Similarly, i-ROAD isn't Toyota's only all-electric city car experiment underway. The Toyota COMS is a more traditional four-wheeler, without any of the tilting action that makes i-ROAD so interesting to drive, but that simplicity has meant Toyota could bring it to market sooner.

In fact, two versions of COMS – one targeting business use, the other personal – are already on sale in Japan, where they've proved popular with pharmacies and stores running local deliveries, and city dwellers doing quick trips, the company tells me.

Toyota COMS

Like i-ROAD, the focus is on the tiny footprint and instant torque rather than taking the whole family with you, though the business COMS does have a large lockable cubby on the back for deliveries. It feels a lot more like a golf buggy than its trike sibling, however, and despite the extra wheel is actually less practical in bad weather since it lacks doors.

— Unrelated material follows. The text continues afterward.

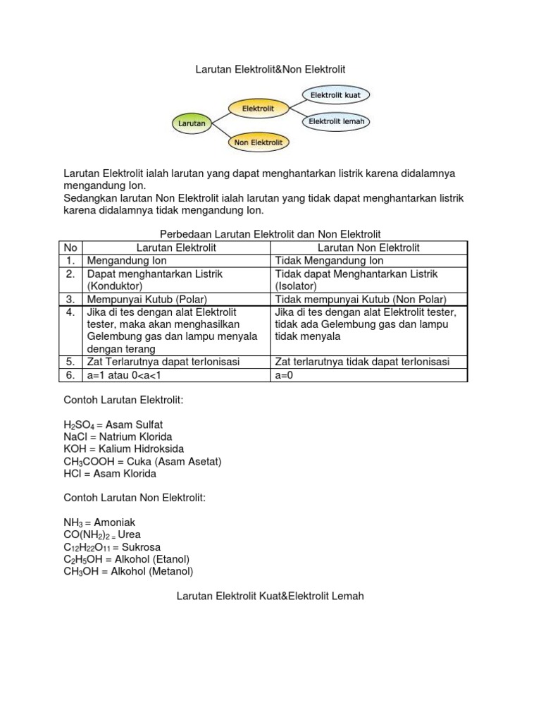 Tutorial materi pembelajaran kimia kita kali ini adalah berkenaan dengan contoh contoh dari larutan elektrolit kuat larutan elektrolit lemah dan larutan non elektrolit. Larutan yang termasuk elektrolit kuat elektrolit lemah dan non elektrolit. Basa lemah nh4oh aloh3 dan juga feoh3. Larutan adalah campuran homogen dua zat atau lebih yang saling melarutkan diri dan masing masing zat penyusunnya tidak dapat diedakan lagi secara fisik. Contoh larutan elektrolit lemah yaitu senyawa senyawa asam lemah dan basa lemah seperti h 2 c 2 o 4 ch 3 cooh n 2 h 4 dan nh 3. Asam lemah hcn h3po4 ch3cooh dan c2o3 basa lemah nh4oh aloh3 dan feoh3.

What comes next for i-ROAD isn't entirely clear. Toyota still sees it as a test car, though efforts are underway to have it certified for use on US roads – something the company's US arm tells me shouldn't present a problem – and there's no telling where the next trial may go, or indeed if there even will be another.

Makoto wouldn't be drawn on how much i-ROAD might cost, and those involved in the trial weren't given any idea of what a final sticker price might be, though that didn't stop all of them asking to go on the (non-existent) wait list after having to give the keys back.

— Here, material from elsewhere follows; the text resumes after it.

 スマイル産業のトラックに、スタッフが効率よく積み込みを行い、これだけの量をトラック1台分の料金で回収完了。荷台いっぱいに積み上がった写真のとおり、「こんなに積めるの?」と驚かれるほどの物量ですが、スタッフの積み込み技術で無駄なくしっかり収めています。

Still, while Toyota may not be short of eco-friendly vehicles, Makoto is confident that there's a place for i-ROAD or something like it in the line-up. As he sees it, the hydrogen powered Mirai is perfect for long-distance trips, Prius and other hybrids for medium journeys, leaving tiny EVs like i-ROAD and COMS ideal for dashing about the city.

As a result, Makoto says Toyota isn't settled on how drivers might actually pay to get behind the wheel. One likely possibility is some combination of outright sales – for those, he suggests, who like the idea of driving a tilting EV for fun – and then pay-per-use for more casual trips around the city.

We're still some way from that happening, but if electric has a place in the urban landscape then I think Toyota may have hit on the key to breaking down resistance to it. i-ROAD's appeal isn't just its environmentally-friendliness but the fact that it drives like little else on the road: you don't so much care whether it uses gas or electricity, you just want to go for another spin. That's a recipe that's worked well for Tesla's madly-performing Model S, and i-ROAD shows that it can also be applied in more unusual ways.